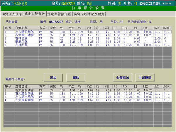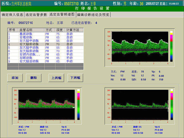 使用超聲經(jīng)顱多普勒檢測(cè)時(shí),需要查看受檢者的血管參數(shù)和血流頻譜圖。在超聲經(jīng)顱多普勒血流分析儀選擇血管參數(shù)時(shí),界面列表中將自動(dòng)顯示與正常值的偏差值,讓醫(yī)生一目了然地掌握該病人的參數(shù)異常情況,節(jié)約了分析時(shí)間。在選擇頻譜圖時(shí)醫(yī)生可根據(jù)已檢測(cè)的血管頻譜圖像進(jìn)行選擇,是否添加到超聲經(jīng)顱多普勒血流分析儀報(bào)告中。
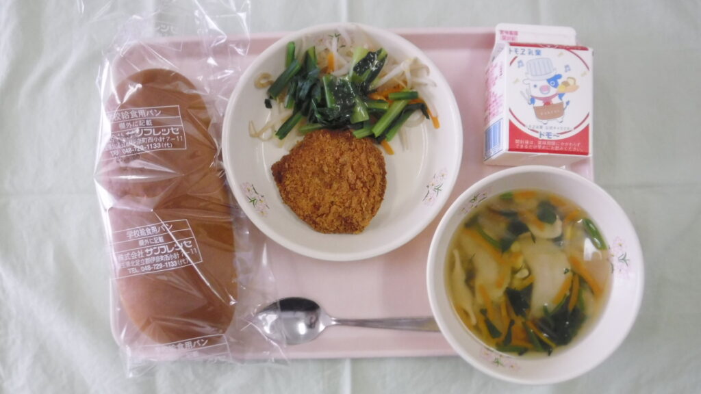 今日の給食は、 長崎ちゃんぽん、牛乳、ひじきぎょうざ、ライチゼリー です。 今学期最初のめんの日は、長崎ちゃんぽんでした。長崎ちゃんぽんはスープに野菜がたっぷり入っているので、とても食べ応えがありま …
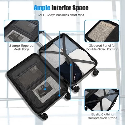 - Ample Interior Space: The interior of the 20” carry-on luggage features elastic clothing compression straps, 2 large zippered mesh bags, and a zippered panel for double-sided packing, which is suitable for 1-3 days business short trips. And thanks to the reasonable layout, there is no need to worry about your things would in a mess when you open the suitcase.

**Problem details:** What is needed is an exact copy of each line from the top of the data above through the line containing "今日の給食は、 長崎ちゃんぽん、牛乳、ひじきぎょうざ、ライチゼリー です。", with no pictures.

**Response to this task:**
 使用超聲經(jīng)顱多普勒檢測(cè)時(shí),需要查看受檢者的血管參數(shù)和血流頻譜圖。在超聲經(jīng)顱多普勒血流分析儀選擇血管參數(shù)時(shí),界面列表中將自動(dòng)顯示與正常值的偏差值,讓醫(yī)生一目了然地掌握該病人的參數(shù)異常情況,節(jié)約了分析時(shí)間。在選擇頻譜圖時(shí)醫(yī)生可根據(jù)已檢測(cè)的血管頻譜圖像進(jìn)行選擇,是否添加到超聲經(jīng)顱多普勒血流分析儀報(bào)告中。
 今日の給食は、 長崎ちゃんぽん、牛乳、ひじきぎょうざ、ライチゼリー です。 今学期最初のめんの日は、長崎ちゃんぽんでした。長崎ちゃんぽんはスープに野菜がたっぷり入っているので、とても食べ応えがありま …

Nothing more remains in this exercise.